Le nombre d’évangéliques ne cesse de croître ces dernières années en France. Mais les nouveaux croyants doivent se méfier de certaines églises aux pratiques abusives et sectaires. Les femmes en seraient les premières victimes.

Kanye West, Donald Trump, Jair Bolsonaro, Mel Gibson ou encore Justin Bieber… Ces personnalités ont toutes un point commun : leur appartenance à une mouvance évangélique. Le rappeur Kanye West, qui a révélé avoir eu une addiction au sexe et à la pornographie, dédie désormais ses dimanches aux « Sunday Services », où il prêche la bonne parole et anime l’office avec ses dernières chansons « Jesus is King », « Jesus is lord », « Baptized » ou encore, « Follow God ».

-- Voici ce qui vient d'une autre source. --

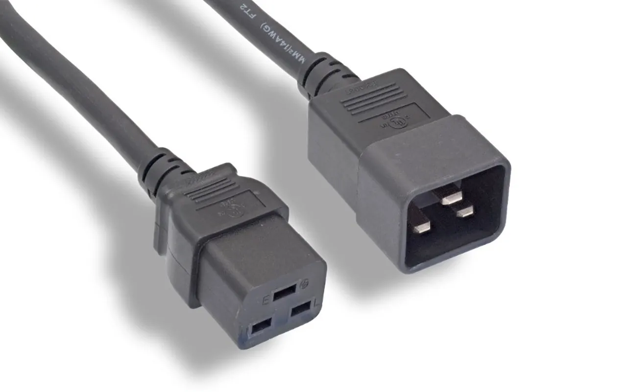 12 AWG 3-Conductor Power Cord C20 Inlet to C19 Plug Black 3 Feet
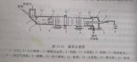 旋窑(回转窑)如图12-40所示。其窑体横卧,与水平成3%-5%的倾斜角,窑体转动速度为每分钟0.5-2转,炉料随窑体转动而向前移动,并自动翻转搅拌以保证受热均匀。窑体为圆筒形,外径约2-5m,长约25-200m,用耐火材料砌的内衬厚150-200,mm,可用钢板焊接或铆接。
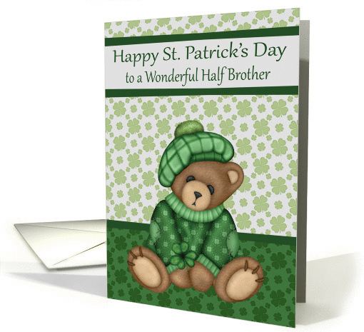 Artist Notes: | Wish your wonderful half brother a Happy St. Patrick's Day with a card featuring a cute bear wearing a sweater and hat on a green with shamrocks background. Inside like all GCU cards can be personalized by you if you wish to give it your own personal touch. Design by Laurie Schneider/Elements by Digital Designs by Elena/Diana'z Designz |

Donald Trump a nommé Paula White comme conseillère spirituelle à la Maison Blanche. Cette pasteure superstar aux États-Unis a fait scandale en janvier dernier en utilisant une métaphore plus que douteuse lors de l’un de ses prêches : « Au nom de Jésus, nous commandons toutes les grossesses sataniques à terminer en fausse couche maintenant. (…) Nous déclarons que tout ce qui a été conçu dans un utérus satanique donnera lieu à une fausse couche ». Elle s’est ensuite défendue en prétendant que ses propos avaient été sortis du contexte.

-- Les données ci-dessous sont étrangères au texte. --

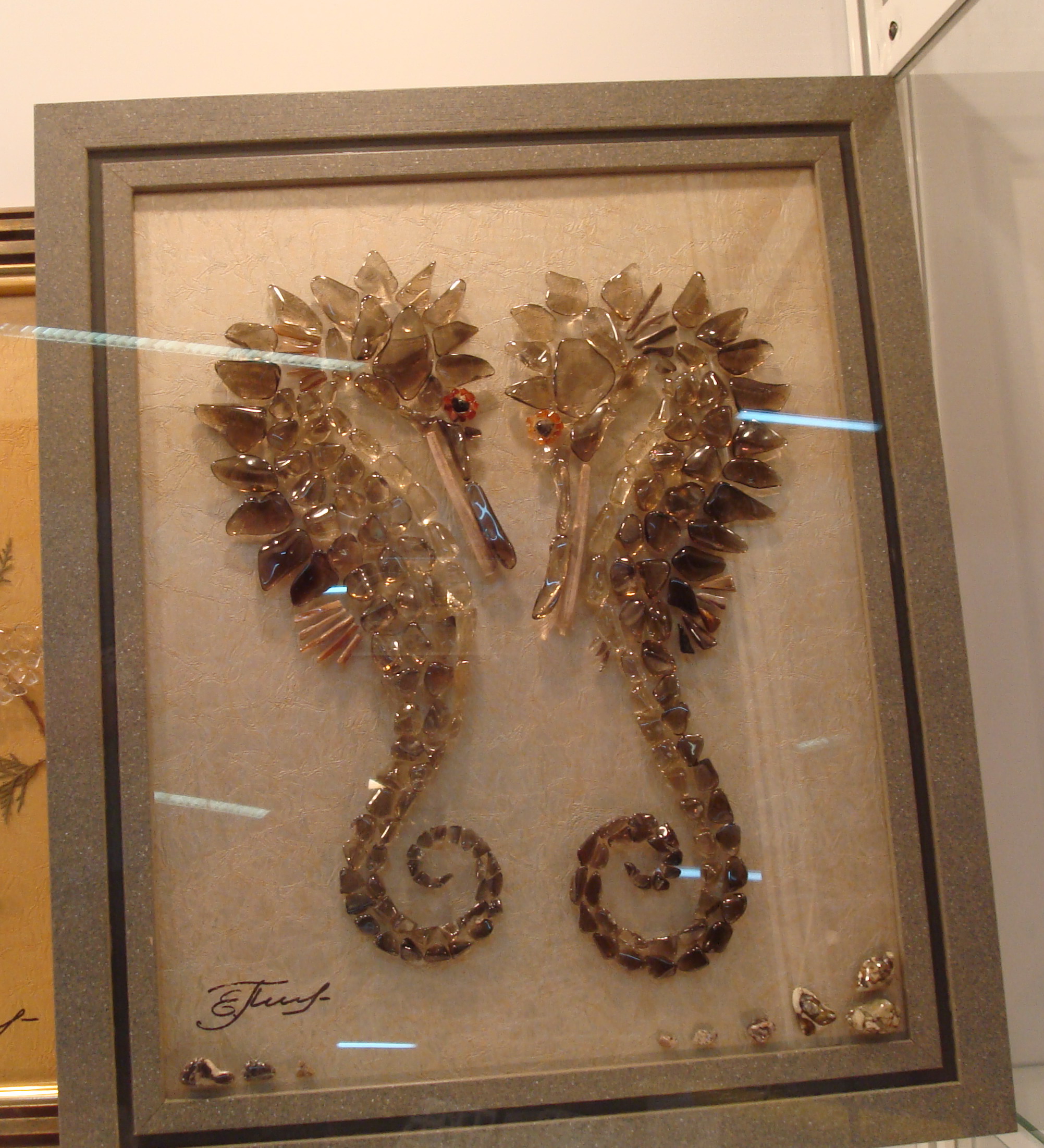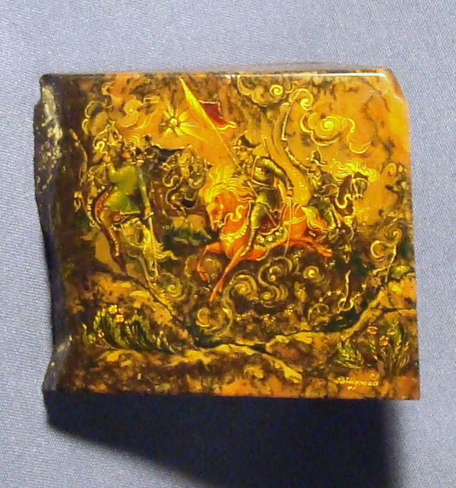Миниатюры (размер 8х8 см.) вписанные в рисунок родонита. Подпись "В.Шутов", истории не знаю, достались "с аукциона"...

Donald Trump, divorcé trois fois, accusé de liaisons extraconjugales et auteur de nombreux tweets scandaleux, mise pourtant sur les évangéliques qui représentent un quart de la population américaine. À raison : en 2016, 80% d’entre eux ont voté pour lui. Les adeptes de ce culte respectent la Bible à tous les niveaux : pas d’avortement, pas de relations homosexuelles, abstinence jusqu’au mariage, messes et prières régulières… Les évangéliques affirment être en contact direct avec Dieu après avoir vécu l’expérience bouleversante d’une rencontre avec lui.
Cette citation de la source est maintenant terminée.